Initially, when I raised my concerns over the 'mayoral veto' in October 2015, I was told 'that paragraph' would be changed during redrafting of the proposal. Strange then that this issue should have to become one of the Council's 'red line' issues before HMG conceded that the veto could be superceded by the City Region's Constitution. Cllr Julie Dore, at the Cabinet meeting of 9th March 2016 confirmed that the Constitution of the SCRCA would have primacy in law over the devolution agreement between SCRCA and HMG. Let's hope this never has to be tested in court.

So the first 'red line' issue is sort of dealt with, The second is somewhat trickier and illustrates the divisions in the City Region.

Regional Geography was always going to be an awkward issue.
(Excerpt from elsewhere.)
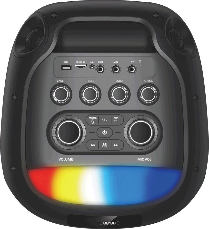| Информация | - Eltronic 30-30 DANCE BOX 1200 — это мощная концертная акустика, созданная для вечеринок и мероприятий, где требуется насыщенное и громкое звучание. Колонка оснащена двумя 10-дюймовыми динамиками, обеспечивающими яркий и объёмный звук с запасом по мощности для просторных помещений. Благодаря поддержке функций Bluetooth, FM-радио и воспроизведению с USB-накопителей или microSD-карт, вы сможете наслаждаться любимой музыкой в любом формате. - Модель оборудована информативным дисплеем и многоцветной LED-подсветкой, которая создаёт эффектную атмосферу на вечеринке. Для удобства транспортировки предусмотрена встроенная ручка, а также прочный пластиковый корпус, который обеспечивает долговечность устройства. Колонка способна работать как от сети, так и от встроенного аккумулятора, обеспечивая до 5 часов автономной работы. - В комплекте поставляется беспроводной микрофон, что делает Eltronic 30-30 DANCE BOX 1200 отличным выбором для караоке и различных мероприятий. Модель поддерживает синхронизацию по технологии TWS, что позволяет объединять несколько колонок для создания стереопары и ещё более мощного звукового сопровождения. - Управлять акустикой можно при помощи пульта дистанционного управления или механических кнопок на корпусе. Дополнительные функции устройства включают регулировку громкости и эхо микрофона, встроенный эквалайзер и возможность подключения гитары. Всё это делает колонку универсальным решением для домашнего и профессионального использования на праздниках и концертах. |

I raised the problem of a City Region Mayor that would only represent the 4 Metro Councils back in October 2015 and it was clearly an uncomfortable issue for the City Region as a whole. The decisions about who could vote on which issues and decisions in City Region meetings were constantly part of the background uncertainty of this geography. In effect, there was to be a two tier Region, Tier 1, the 4 Metro Councils with votes on all matters. Tier 2, the district Councils, attached both to the City Region and to their County Councils, able to vote on a restricted number of matters.

The changes that Sheffield negotiated into the 'Cities Bill' have enabled the 2nd tier councils to choose whether to be a full member of the City Region or remain connected to their County Councils. This was a red line with the city as they wanted to ensure a City Region that would fully involve both types of councils not just the 4 Metros. As it stands, only Chesterfield has chosen to become a full member so far and Bassetlaw is likely to be the second to agree on the day before the Sheffield Council meeting. This is, apparently, enough for Sheffield to consider the geography issue resolved, even though 3 of the 5 North Midlands Councils will remain 2nd tier and unable to vote for the Region Mayor or on many other matters before the City Region.

So two 'red lines' bodged and now Council are full steam ahead to ratify the agreement and commit the City to a future as a regional powerhouse. Though recent government decisions seem to suggest that it may be in name only.

Personally, I think it is essential that the city is part of a larger power bloc in order to combat the centralising mindset of the Civil Service and of many MPs as well, I continue to doubt if this is the right solution. The very fact that the Chancellor and the Treasury are so adamant that this will happen rings alarms for me. I've had private discussions with Department for Communities & Local Government officers that suggest they are equally unhappy with the current steamroller of devolution deals and that should concern us all. They comment on the lack of public knowledge of the deals, the lack of consultation and the secrecy of the negotiation process as their concerns, all of which I share.


Other concrete issues are also left up in the air for some future negotiation and agreement. So that, even after the Council make their decision, the details and context of the agreement may shift subtly and probably against local interests. If you read the article I wrote in October 2015, and compare that to the relentlessly positive comments within the Council documents and particularly looking at Appendix 4 and the comments that try and spin any negative to a positive in the public consultation you will understand they mean to have their way on this, despite the public's doubts and even the doubts within Cabinet and Party at city level.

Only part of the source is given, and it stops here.